As a student-led conference greeter inside LEAD Cameron, 8th-grader Rosie said she looked at the opportunity as one for both herself and fellow students to meet with adult volunteers much like they would for a job interview.
“It gives me a chance to interact with people and work on my social skills,” she said. “If you’re doing a job interview, you’re not going to know the manager or person who hires you going in. So you have to be professional. This is beneficial to (students’) lives and it will help them a lot.”
Inside the historic school’s gymnasium, adult volunteers met with students from both Cameron and LEAD Academy as the schools wrapped up this year’s conferences, known as SLCs. The conversations allow for students to share their academic progress for the school year — in addition to sharing other components of their academic growth thus far, said Regina Schumacher, Cameron’s Dean of Instruction.
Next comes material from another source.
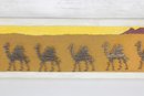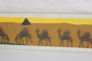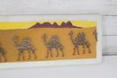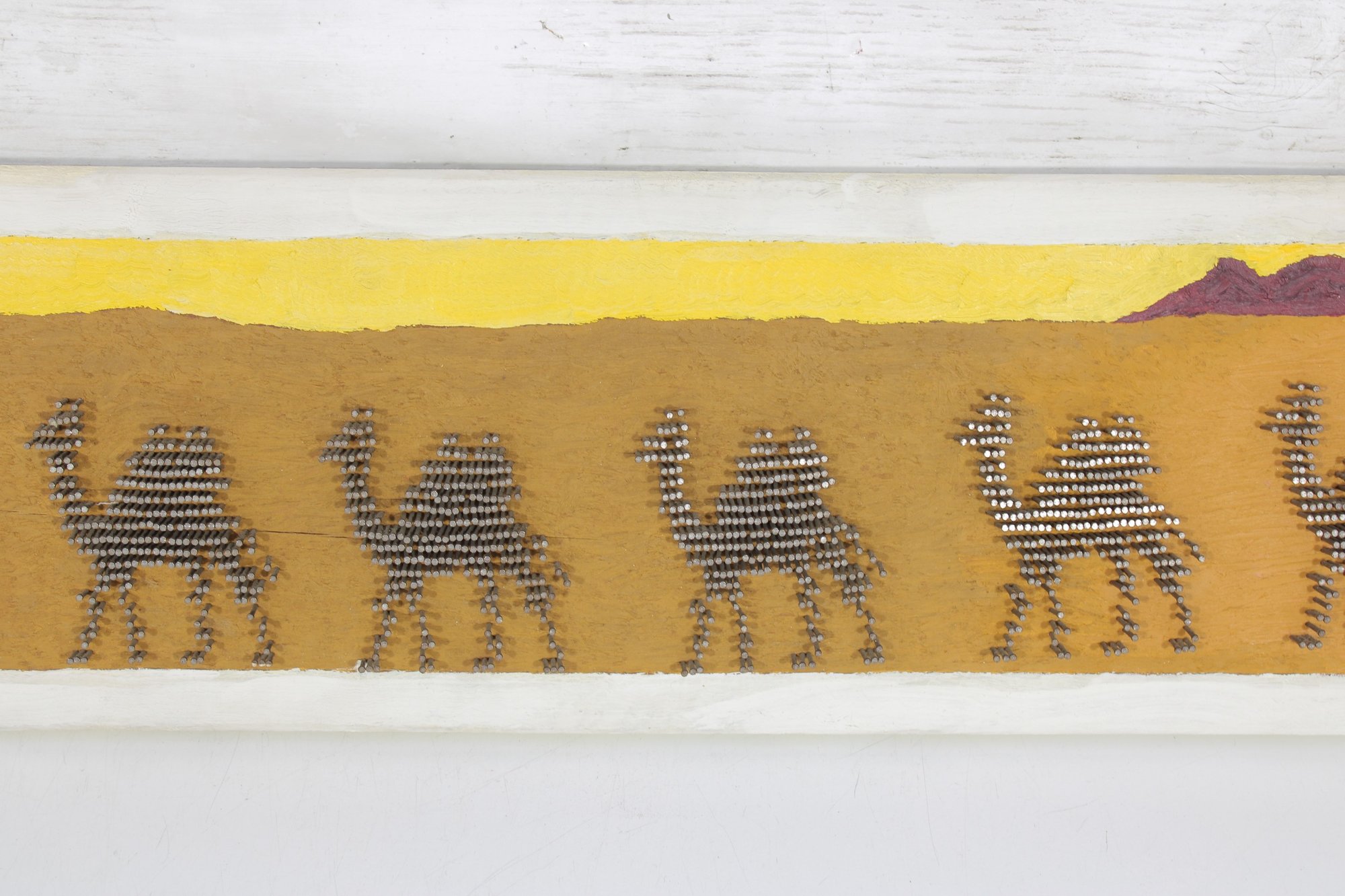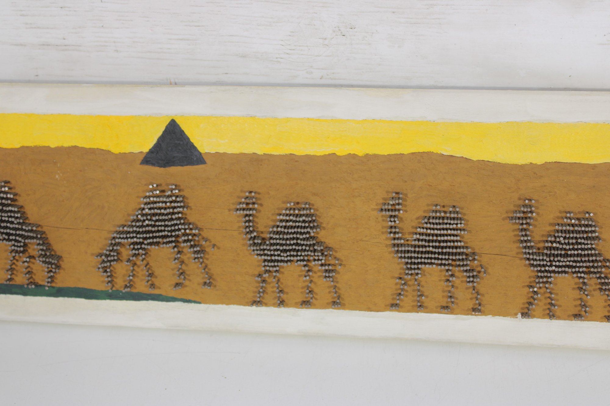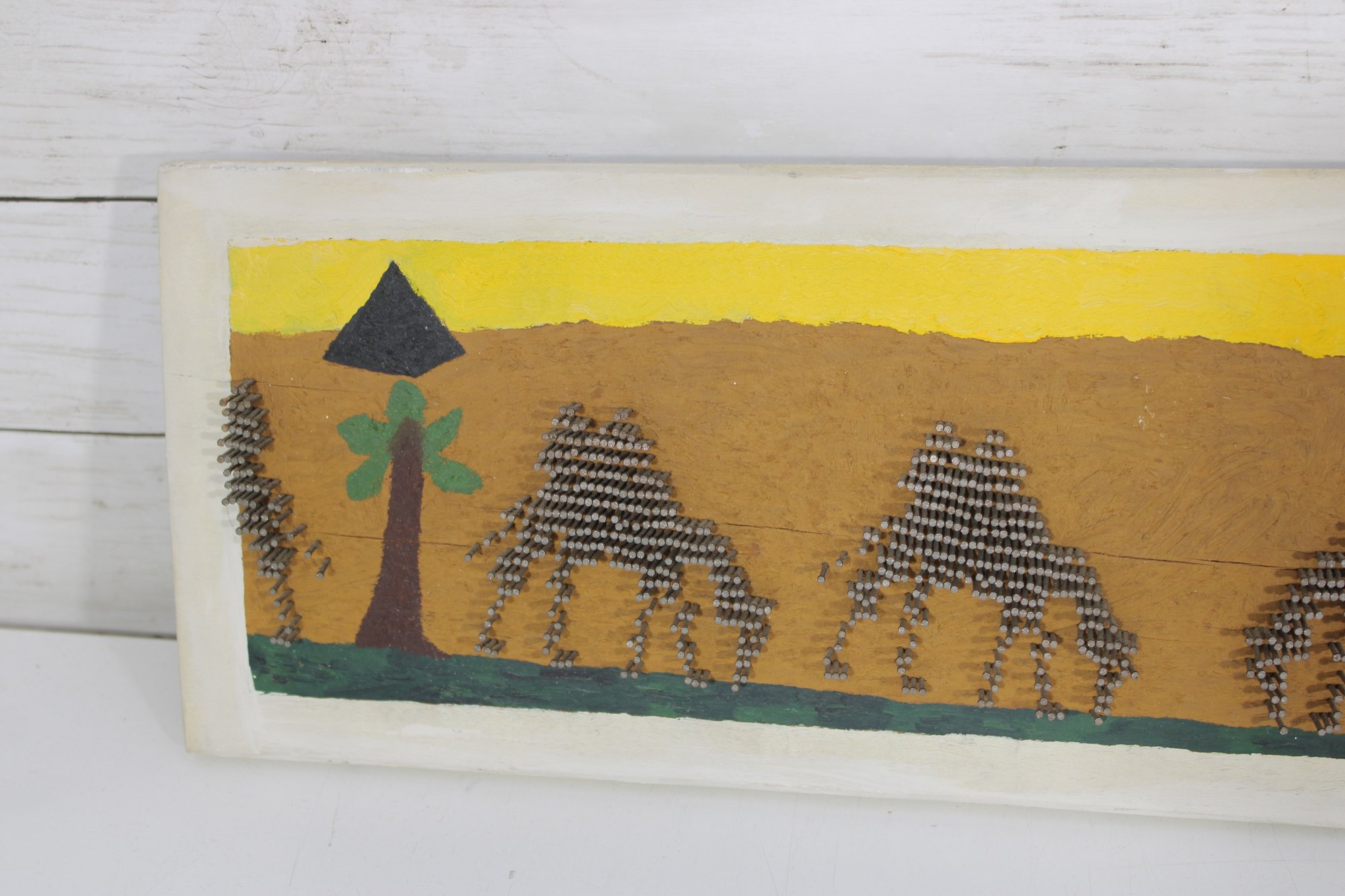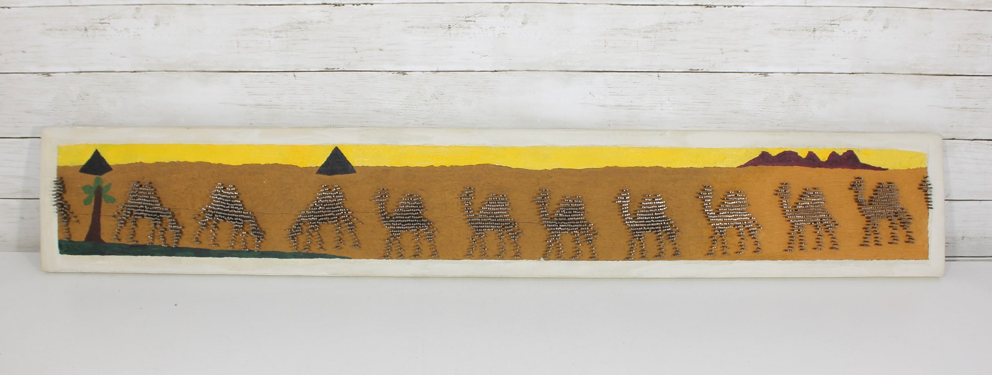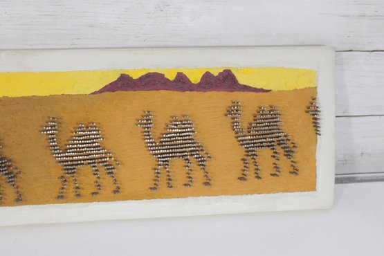 Unique vintage nail string art wall panel depicting a stylized desert caravan scene. This handcrafted piece features camels, pyramids, and palm trees set against a warm desert landscape, created using carefully arranged nails to form textured silhouettes.

“It empowers our students to take ownership over their education and all of the things that go into their education,” she said. “It allows our students to talk about their grades, but also how much effort goes into their education. For instance: what are they passionate about? And what are they interested in in their classes? These are honest and candid conversations.”
SLCs encourage students to take ownership of their education through reflection and goal setting. For each class, students worked hard to put together a portfolio of their work, goals, and personal reflections. As a part of SLCs, Cameron hosts a banquet and invite parents and guardians to meet with their students to discuss the student’s academic and behavioral progress. Because some family members are unable to attend, LEAD has traditionally opened up the conferences to volunteers from across Nashville.
More than 150 volunteers participated in the Cameron and LEAD Academy SLCs last week. Another two dozen or so participated at Brick Church this week. LEAD Southeast in Antioch held their SLCs for the middle school earlier this month and the high school hosted theirs last night. Neely’s Bend will run SLCs next month.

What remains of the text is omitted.